Chicago – June 09, 2026
The story of the Alam Khan family sits inside a much older history of Muslim charitable endowments, or waqf, that stretches back several centuries in India. By the eighteenth century, nobles, merchants and scholars had endowed mosques, khanqahs, graveyards and schools as permanent waqf, embedding religious charity into the landholding system of Mughal and successor states.
Under British rule, the colonial state slowly began codifying this institution, culminating in laws such as the first Waqf Act of 1913 and the Mussalman Waqf Act of 1923, which attempted to regulate accounts and supervision of these endowments.

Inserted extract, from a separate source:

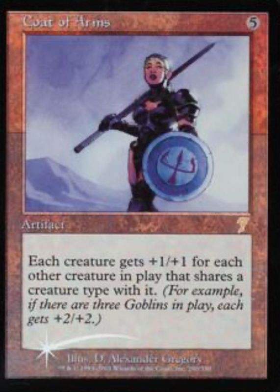 Coat of Arms' Magic: The Gathering cards are available in at least 2 sets. Coat of Arms' biggest 7-day price movers are 2001 Seventh Edition #290 Foil, and 1998 Exodus #131 Base.
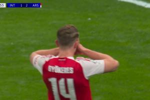 體育資訊1月21日訊 國米vs阿森納第84分鐘,約克雷斯弧線球破門,阿森納第84分鐘再下一城!比分變?yōu)榘⑸{3-1!

These measures, however, did not stop widespread complaints about encroachment, forged documents and misuse of waqf land by private parties and local officials. As one legal analysis notes, vague titles, oral declarations and weak enforcement made waqf properties especially vulnerable to being “captured” over time.
In the princely state of Hyderabad, the Asaf Jahi Nizams presided over a powerful Muslim aristocracy that combined jagirdari (feudal) estates with modern commercial ventures. In 1921, trader‑turned‑industrialist Mohammad Abdus Sattar founded the Hyderabad Deccan Cigarette Factory, launching the Golconda brand during the last Nizam’s reign.
His only daughter, Abida Khatoon, later married young Nawab Shah Alam Khan of a jagirdar family, fusing commercial capital with traditional nobility just as India moved toward independence in 1947 and the old Hyderabad order faced extinction.